In fixed Managed Kubernetes cluster configurations, 1 to 4 GPUs × 48 GB are available, with vCPUs from 12 to 96, RAM from 64 to 450 GB.

NVIDIA® A2000

Power-efficient GPU for compact workstations. Suitable for AI, graphics and video rendering.

Based on Ampere® architecture, up to 288 GB/s bandwidth. See NVIDIA® documentation for detailed specifications.

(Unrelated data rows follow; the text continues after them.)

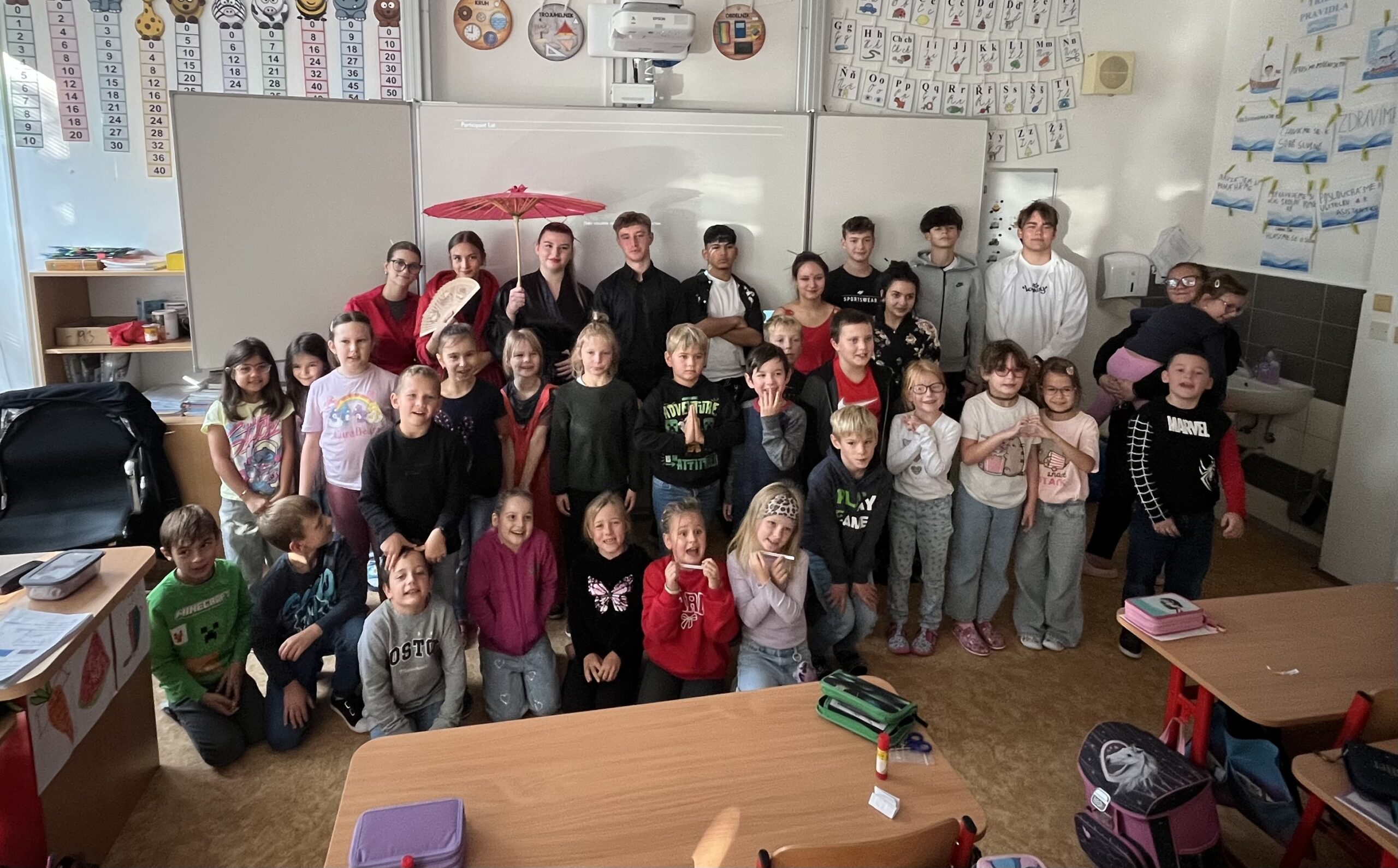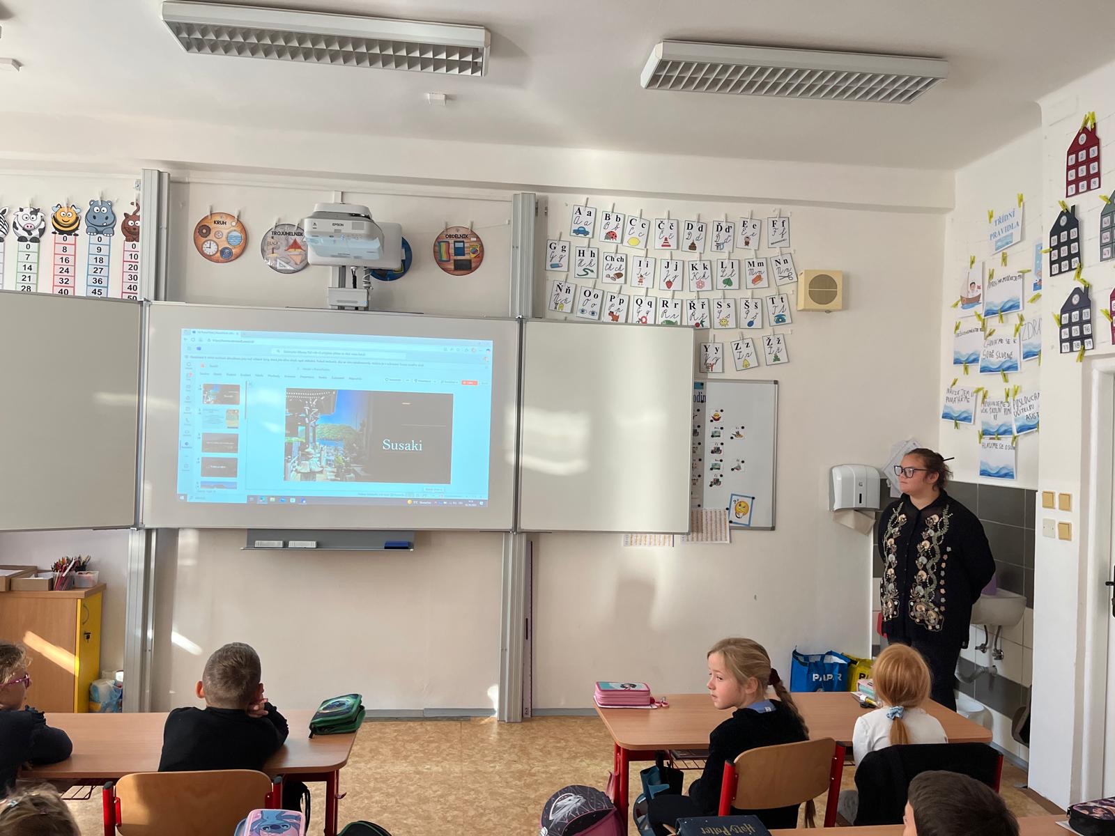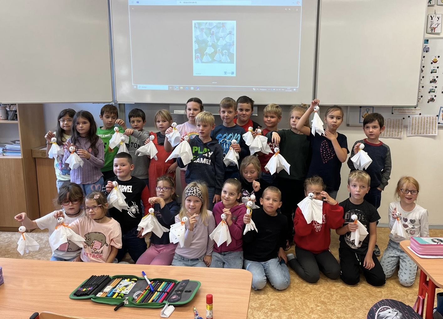 V pátek 3. 10. 2025 proběhl v rámci multikulturního týdne projektový den. Naše třída navštívila žáky 2.C a seznámila je s Japonskem. Naše škola je spřátelená s městem Susaki, proto jim žáci představili i toto město. Japonští kamarádi naše žáky naučili vyrábět duchy Tera Tera Bozu a my to naučili naše mladší spolužáky. Každý si rozlomil i koláček štěstí a na závěr složili znak města Susaki.
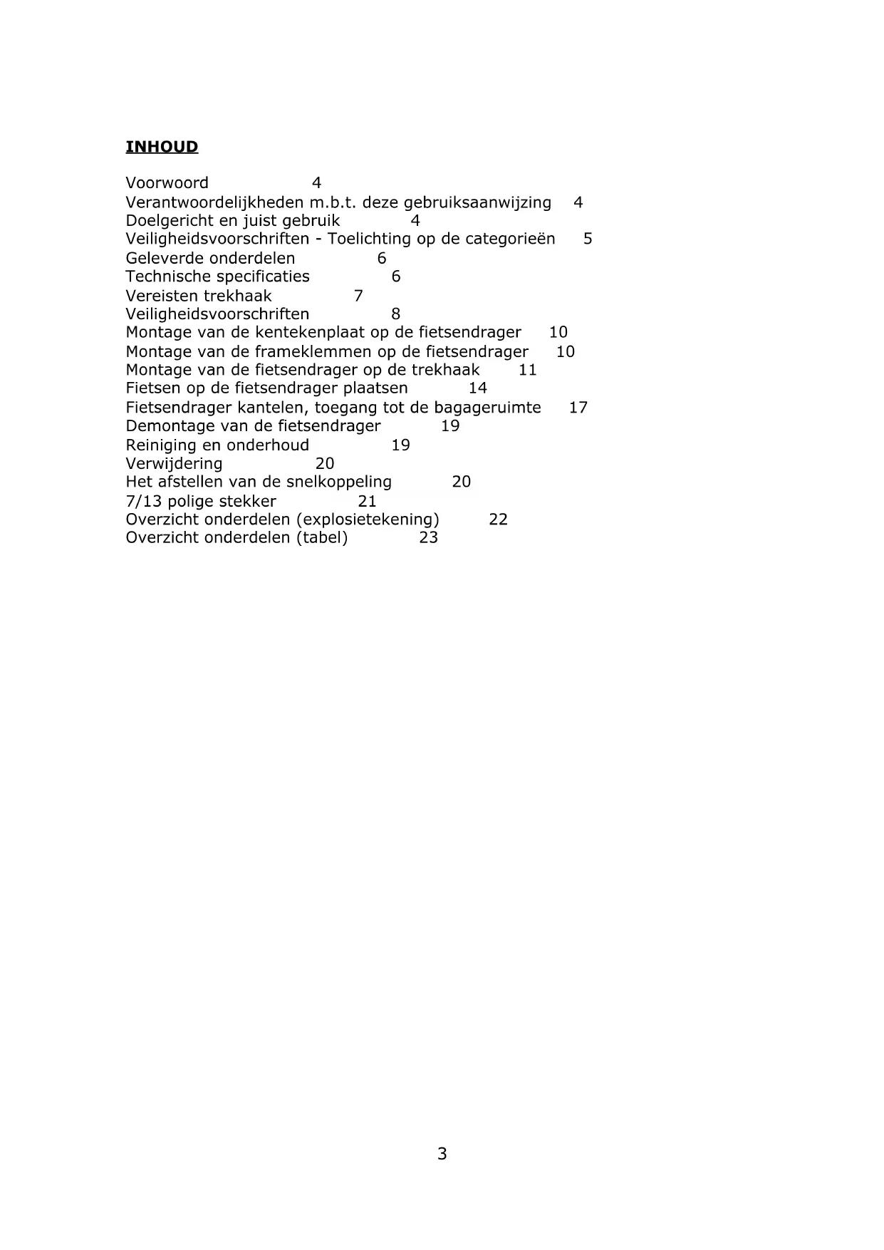 Monteer de fietsendrager alleen op trekhaken, die de volgende eigenschappen bezitten: Materiaal: min. staal of gietijzer St52 of GG52 D-waarde: >7,6 kN Trekhaakbal: Ø50mm (class A-50 volgens EC 94/20 òf ECE R55)8 VEILIGHEIDSVOORSCHRIFTEN Volg nauwkeurig de gebruiksaanwijzing met de daarin staande instructies. Als u de instructies niet opvolgt, kan dit leiden tot lichamelijk letsel of materiële schade. Weet u niet zeker of u de montage van de fietsendrager op een juiste wijze hebt uitgevoerd, vraag dan uw leverancier of de fabrikant om nadere informatie. Noch de fabrikant, of leveranciers zijn aansprakelijk voor schade veroorzaakt die op ondeskundig gebruik of op een ondeskundige montage zijn terug te voeren. Controleer de fietsendrager en de daarbij behorende lading regelmatig! U bent daartoe juridisch verplicht en u wordt in geval van schade aansprakelijk gesteld! ADVIES Bij het rijden met een gemonteerde fietsendrager, zijn de wettelijke vereisten voor het vervoer van goederen achter uw motorvoertuig van toepassing. WAARSCHUWING! Lichamelijk letsel of materiële schade veroorzaakt door een veranderd gedrag van een motorvoertuig. Het rijden met een fietsendrager beïnvloedt de rijeigenschappen van uw motorvoertuig. Pas uw rijsnelheid aan het nieuwe gedrag van het motorvoertuig. Rijd nooit sneller dan 130 km/h. Vermijd plotselinge of trekkende stuurbewegingen. Let erop dat uw motorvoertuig langer is dan normaal. WAARSCHUWING! Lichamelijk letsel of materiële schade veroorzaakt door overbelading. Overschrijding van de maximum belastbaarheid van de fietsendrager, overschrijding van de maximum toegestane kogeldruk van de trekhaak en overschrijding van het maximum toegestane totaal gewicht van uw motorvoertuig kunnen tot ernstige ongevallen leiden. Let op! Houd u onvoorwaardelijk aan de wettelijke vereisten inzake maximum lading, toegestane kogeldruk en toegestaan totaal gewicht van uw motorvoertuig. Overschrijd deze vereisten niet. WAARSCHUWING! Lichamelijk letsel of materiële schade veroorzaakt door niet juist gemonteerde fietsendrager. Het rijden met een gekantelde of ineenvouwen fietsendrager kan tot ongevallen leiden. De beweegbare onderdelen van de fietsendrager zijn in niet volledig gemonteerde positie een bron van gevaar. Haal de fietsendrager van de trekhaak als u die niet nodig heeft. Rijd nooit met een gekantelde of ineenvouwen fietsendrager.9 WAARSCHUWING! Lichamelijk letsel of materiële schade veroorzaakt door het verlies van fietsen. Het rijden zonder spanbanden kan leiden tot ongelukken. Controleer voor het begin van iedere rit de goede staat en stevigheid van de spanband om de fietsframes en de framehouders van de fietsendrager (zie stap 8 hoofdstuk “Fietsen op de fietsendrager plaatsen”). Controleer voor het begin van iedere rit de goede staat en stevigheid van de beide spanbanden om het voor- en achterwiel van de fiets(en). Trek de spanbanden eventueel na. Controleer voor het begin van iedere rit, of de gebruikte spanbanden onbeschadigd en niet versleten zijn. Beschadigde of versleten spanbanden moeten voor het begin van de rit worden vervangen voor onbeschadigde spanbanden. Alleen spanbanden die door Tradekar Benelux BV zijn toegestaan, mogen worden gebruikt. WAARSCHUWING! Lichamelijk letsel of materiële schade veroorzaakt door overhangende onderdelen. Over het uiteinde van het motorvoertuig dan wel over het uiteinde van de fietsendrager hangende onderdelen kunnen tijdens het rijden lichamelijk letsel of materiële schade veroorzaken. Monteer alleen onderdelen die niet over het uiteinde van het voertuig uitsteken. WAARSCHUWING! Lichamelijk letsel of materiële schade veroorzaakt door dekzeilen. Dekzeilen verhogen de luchtweerstand. Zij kunnen losraken en rondvliegen, wat tot ernstige ongevallen kan leiden. Gebruik geen dekzeilen of andere soorten afdekking. WAARSCHUWING! Lichamelijk letsel of materiële schade veroorzaakt door het verlies van de fietsendrager. De fietsendrager gaat na bevestiging en na een paar gereden kilometers pas echt goed vastzitten op de trekhaak. Controleer na een paar kilometer de bevestiging van de fietsendrager op het goed vastzitten op de trekhaak. Zet de fietsendrager opnieuw vast indien deze (te) los op de trekhaak zit. WAARSCHUWING! Lichamelijk letsel of materiële schade veroorzaakt door het afbreken van de fietsendrager. Door met de fietsendrager in ruw terrein te rijden kan deze afbreken. Gebruik de fietsendrager niet in ruw terrein. Alleen geschikt voor gebruik op een personenauto trekhaak. Rijd langzaam over verkeersdrempels: max. snelheid 10km/h.10 LET OP! Materiële schade veroorzaakt door het openen van de achterklep of kofferdeksel. De achterklep of kofferdeksel kunnen beschadigd worden als zij in aanraking komen met de op de trekhaak aangebrachte fietsendrager. De elektrisch bedienbare achterklep uitschakelen en deze met de hand bedienen. Kantel de fietsendrager weg voordat de achterklep of kofferdeksel wordt geopend. LET OP! Materiële schade veroorzaakt door hete uitlaatgassen. Als het uiteinde van de uitlaat zich in de buurt van de fietsendrager of fietsen bevindt, kunnen deze hierdoor worden beschadigd. Gebruik indien nodig een uitlaatsierstuk met bocht. MONTAGE VAN DE KENTEKENPLAAT OP DE FIETSENDRAGER
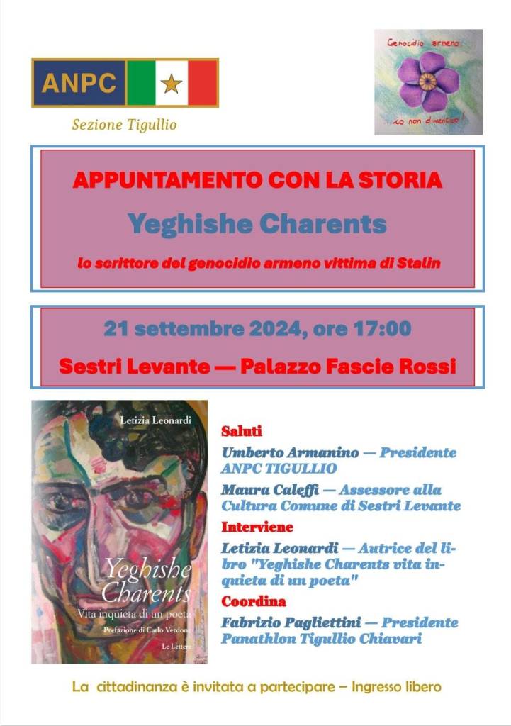 A Sestri Levante il 21 setttembre alle ore 17,00 presso il Palazzo Fascie Rossi “Appuntamento con la storia”: “Yeghishe Charents. Lo scrittore del genocidio armeno vittima di Stalin” . Qui sopra la locandina con il programma dell’evento. La cittadinanza è invitata a partecipare. Ingresso libero.
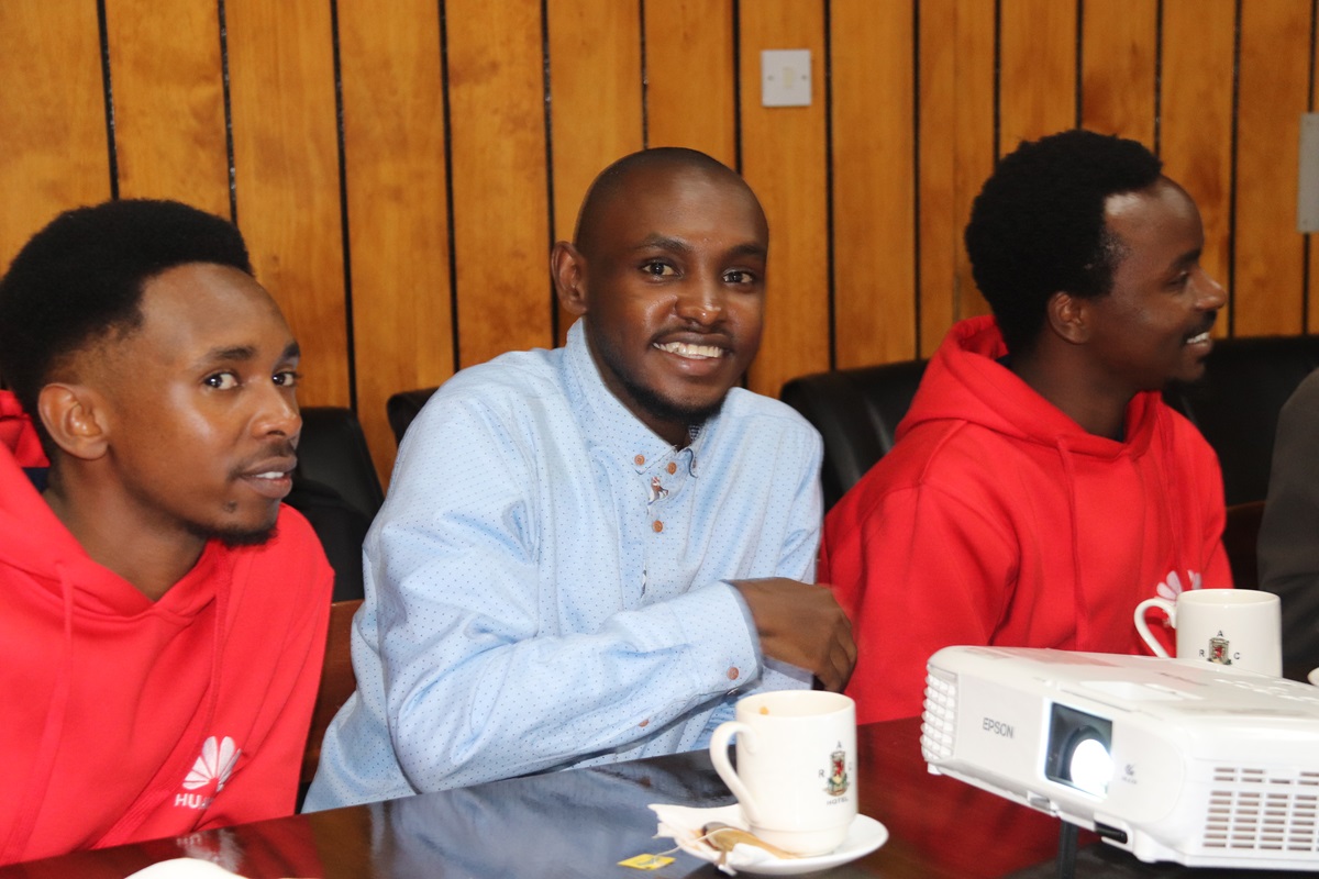 This afternoon, the Vice-Chancellor, Prof. Isaac Kibwage, hosted the winning team in his office to commend their hard work, dedication, and innovation. He was joined by DVC (ARE) Prof. Benard Aduda, Ag. DVC (Administration, Finance, and Planning) Prof. Richard Mulwa, and Director of Research Prof. George Owuor. The students were accompanied by Dr. Zachary Bosire and Dr. Jones Katiku, Chair of the Computer Science Department.
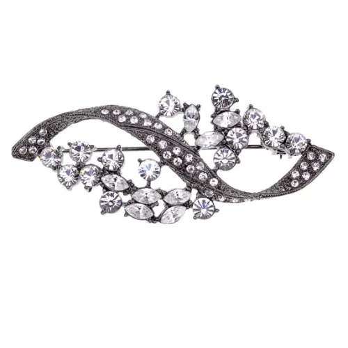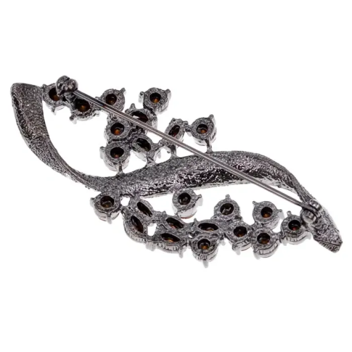Брошь из бижутерного сплава с кристаллами, черного цвета.

In fixed Managed Kubernetes cluster configurations, 1 to 4 GPUs × 6 GB are available, with vCPUs from 6 to 24, RAM from 16 to 320 GB.

NVIDIA® A5000

A versatile GPU, suitable for any task within its performance limits.

Based on Ampere® architecture, up to 768 GB/s throughput. See NVIDIA® documentation for detailed specifications.

In fixed Managed Kubernetes cluster configurations, 1 to 2 GPUs × 24 GB are available, with vCPUs from 8 to 48, RAM from 32 to 320 GB.

NVIDIA® H100

A powerful GPU that is suitable for AI, HPC and scalable computing.

Based on the Hopper™ architecture, with 80GB HBM3 memory and up to 3TB/s of bandwidth. See detailed specifications in NVIDIA® documentation.

In fixed Managed Kubernetes cluster configurations, 1 to 2 GPUs × 80 GB are available, with vCPUs from 12 to 48, RAM from 128 to 256 GB.

NVIDIA® H200

Professional GPU for accelerating generative AI, HPC, large language model (LLM) inference, model file-tuning, image and video generation.

Based on Hopper™ architecture, with 141GB HBM3 memory and up to 4.8 TB/s of bandwidth. See detailed specifications in NVIDIA® documentation.

In fixed Managed Kubernetes cluster configurations, 1 to 8 GPUs × 141 GB are available, with vCPUs from 12 to 192, RAM from 120 GB to 1 TB.

NVIDIA® L4

Versatile GPU for accelerating AI/ML workloads, video processing, streaming and VDI. Suitable for running modern language models (LLM) and multimodal models.

Based on Ada Lovelace® architecture, with 24GB GDDR6 memory and up to 3TB/s bandwidth. See detailed specifications in NVIDIA® documentation.

In fixed Managed Kubernetes cluster configurations, 1 to 8 GPUs × 24 GB are available, with vCPUs from 8 to 128, RAM from 32 GB to 512 GB.